Every time I watch this movie I want to say, if you only knew the truth you could see clearly who is standing right in front of you! I think that statement reflects the theme of my life, “revealing truth” I have had to learn the hard way(or maybe the only way) that comparison leads to judgements and judgments leads to pride and pride is the opposite of Gods will for us! It closes us off from the truth the light and the love of others and ourselves. Much like pride and prejudice, both of the main characters allowed pride and prejudice to get in the way of the truth. Like you said it takes major awareness to realize which path we are on, the path to temporary and untruths or the path to forever and truths 🙂
Wow! Getting philosophical Stacia, but you’re absolutely right in my book (literally!).

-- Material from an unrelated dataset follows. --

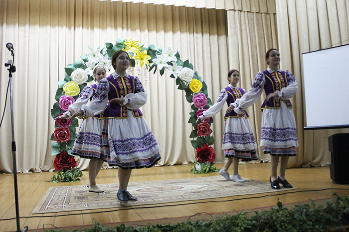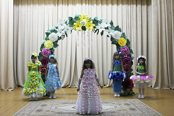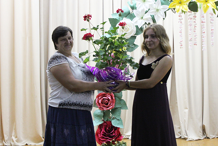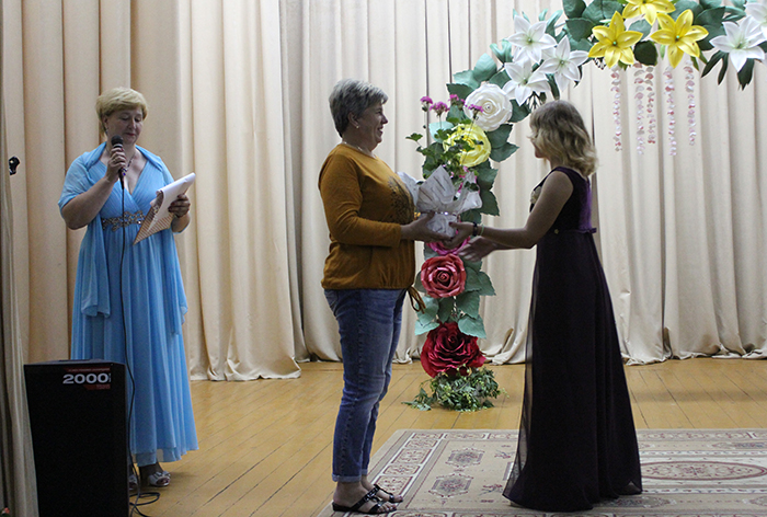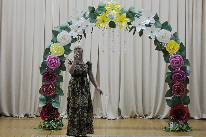 Затем собравшихся пригласили на концерт. В зале на сцене стояла удивительной красоты арка из цветов. У неё дефилировали юные красавицы в платьях ручной работы, автором и дизайнером которых выступила заведующий ЦДиК Инна Машкало. Каждый год она устраивает показ мод, украшает сцену. Именно её работ ждут гости праздника.

Love it.
I have never seen this movie! I have, however, seen You’ve Got Mail, so I have a bit of an idea of what you are talking about here. Recently my kids were watching a tv series on Netflix called, Brain Games. In their second episode they show the tv screen with 4 footballs, one in each corner of a box, and ask the viewer to pick one football and focus only on that one. Next thing you know, all the other footballs fade away, and all you see is the one football. The narrator then says that they have not done anything to the screen, but that our brains naturally stop seeing those things upon which we are not focused! I have pondered on that a lot the last couple weeks! It is so true! What we choose to focus on will become more clear, while the rest fades away!
I love your insights on these movies, and now I have started a list of Christmas movies to watch, and re-watch! Thank you!
Thank you, Melissa, for sharing the “brain science” behind this phenomenon in our relationships and life in general!
I appreciate you Ramona! I have never seen any of these films so I would love to win one!
Fingers crosse, Corey!
I don’t think I have ever heard of this movie. However, I have enjoyed watching “you’ve got mail.” I am enjoying the lessons you are writing about through these movies. I like movies that I can learn from…and enjoy @ the same time.
Amen Angela! Me too!
I love this reminder to see my husband in the best light, just as I want to be seen.